## Aim of the task
Where the line containing "From the start" appears, start repeating, and continue exactly through the last line below, adding nothing. Include no pictures.

## Dataset content
---------------

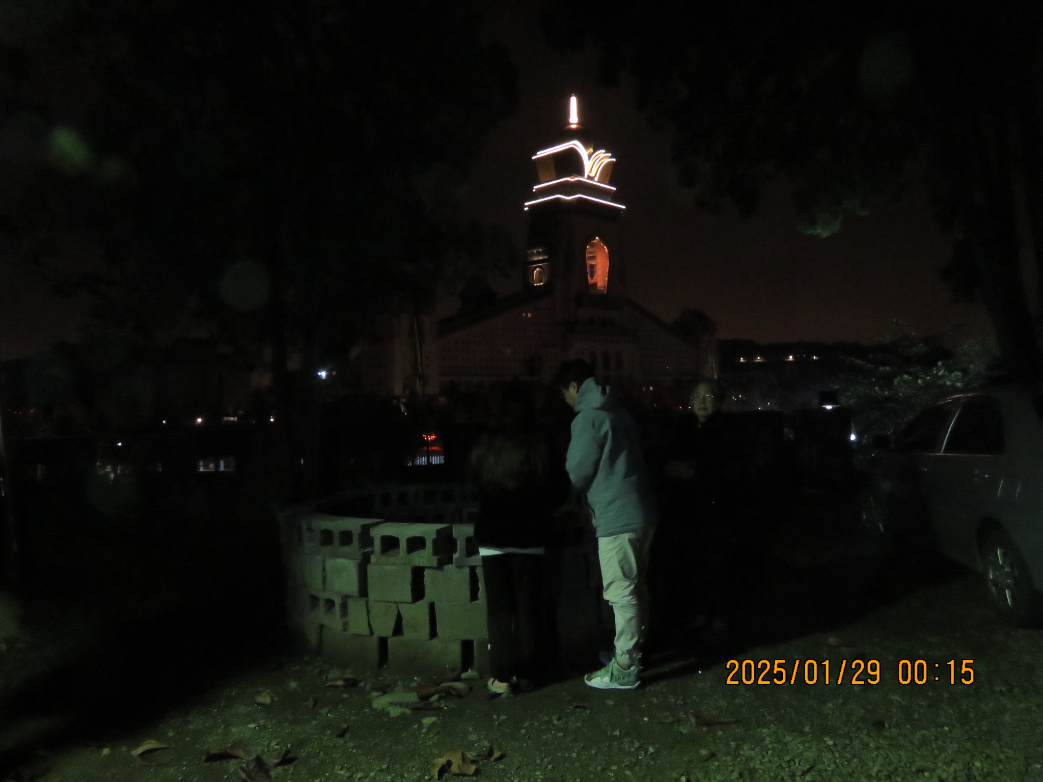 2025(114).01.29.(乙巳.01.01.) 星期三子時( 第7次照片,第372天),張友道、王金珠、張予柔、張凱翔抵達埔里金華殿,焚化共15日(甲辰.12.16.~乙巳.01.01.)、45張(3張X15)的『無形文』功課、作業,交給 瑤池金母娘娘主席,恭請 鑑核!(第25次呈繳無形疏文)
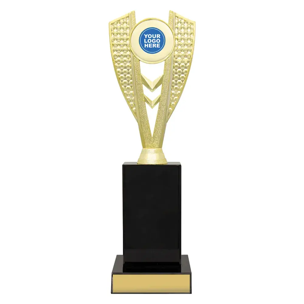 Classic series of black timber trophies with stylish Modus holder for your custom or club logo.
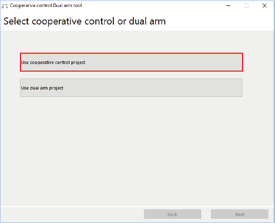 From the start menu, select "Cooperative control Dual arm tool". Do the necessary settings by following the start-up wizard.
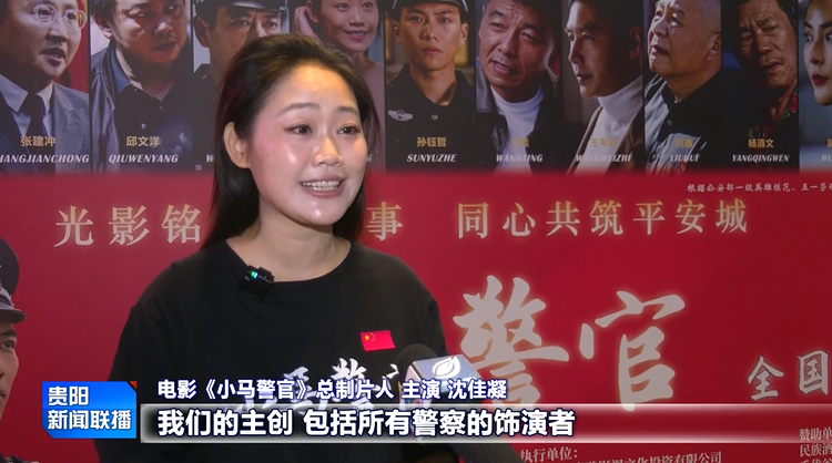 电影《小马警官》总制片人 主演沈佳凝:我们的主创,包括所有警察的饰演者,他们差不多在花溪生活了三个月,去派出所体验生活。在前期筹备的时候,我们的剧本也是改了一遍又一遍,就为了还原最真实的马金涛的故事。希望大家可以进电影院来看我们的电影,把这个故事传承下去,让更多的人能学习到他的精神,看得到他的故事。

---------------

## Written reply
 From the start menu, select "Cooperative control Dual arm tool". Do the necessary settings by following the start-up wizard.
 电影《小马警官》总制片人 主演沈佳凝:我们的主创,包括所有警察的饰演者,他们差不多在花溪生活了三个月,去派出所体验生活。在前期筹备的时候,我们的剧本也是改了一遍又一遍,就为了还原最真实的马金涛的故事。希望大家可以进电影院来看我们的电影,把这个故事传承下去,让更多的人能学习到他的精神,看得到他的故事。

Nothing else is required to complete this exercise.